The data>
┏━━

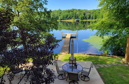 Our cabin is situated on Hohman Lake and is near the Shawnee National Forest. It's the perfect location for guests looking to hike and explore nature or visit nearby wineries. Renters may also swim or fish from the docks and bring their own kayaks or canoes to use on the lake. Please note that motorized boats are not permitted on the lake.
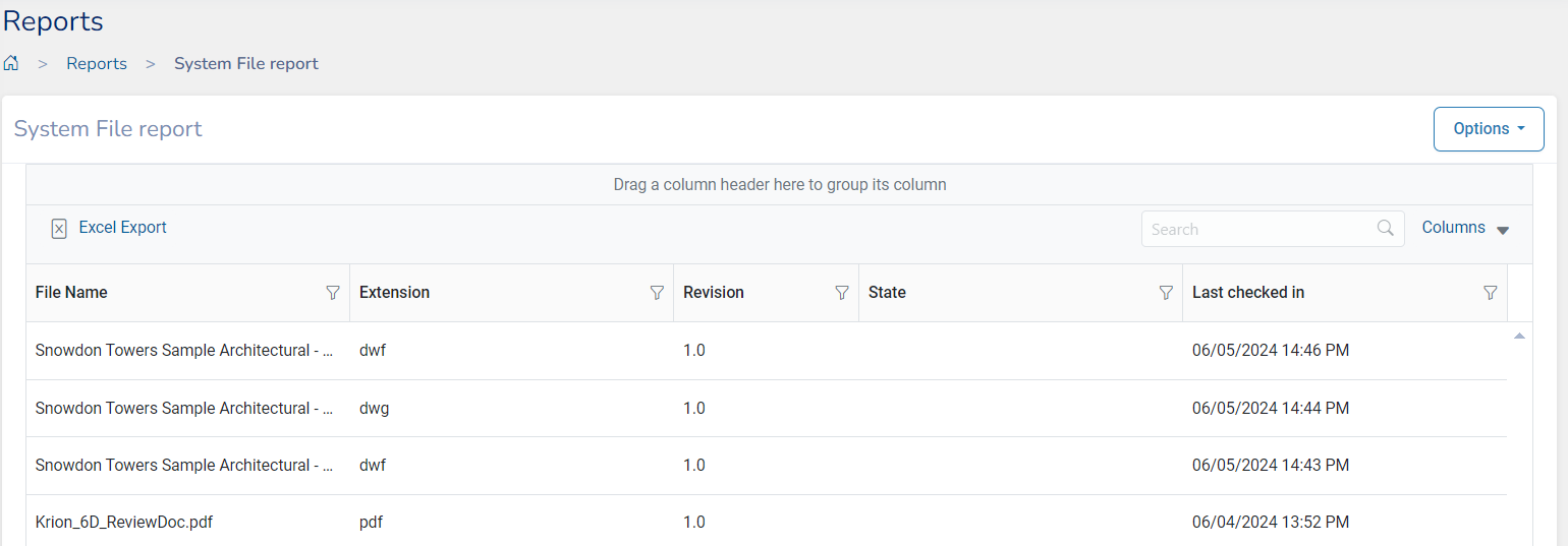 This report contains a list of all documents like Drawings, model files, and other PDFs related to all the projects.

┗━━
┏━━

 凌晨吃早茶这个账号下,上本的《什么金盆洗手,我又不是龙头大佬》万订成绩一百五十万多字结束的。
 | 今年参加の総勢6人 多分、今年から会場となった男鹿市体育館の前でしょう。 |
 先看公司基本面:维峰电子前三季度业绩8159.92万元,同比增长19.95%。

┗━━
┏━━

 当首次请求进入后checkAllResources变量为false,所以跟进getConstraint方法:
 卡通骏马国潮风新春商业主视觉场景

┗━━

Problem to work on> Go back to the lines above and output, exactly as they stand, the ones from the line containing "Our cabin is" to the line containing "This report contains". Leave all pictures behind.

Reply>
 Our cabin is situated on Hohman Lake and is near the Shawnee National Forest. It's the perfect location for guests looking to hike and explore nature or visit nearby wineries. Renters may also swim or fish from the docks and bring their own kayaks or canoes to use on the lake. Please note that motorized boats are not permitted on the lake.
 This report contains a list of all documents like Drawings, model files, and other PDFs related to all the projects.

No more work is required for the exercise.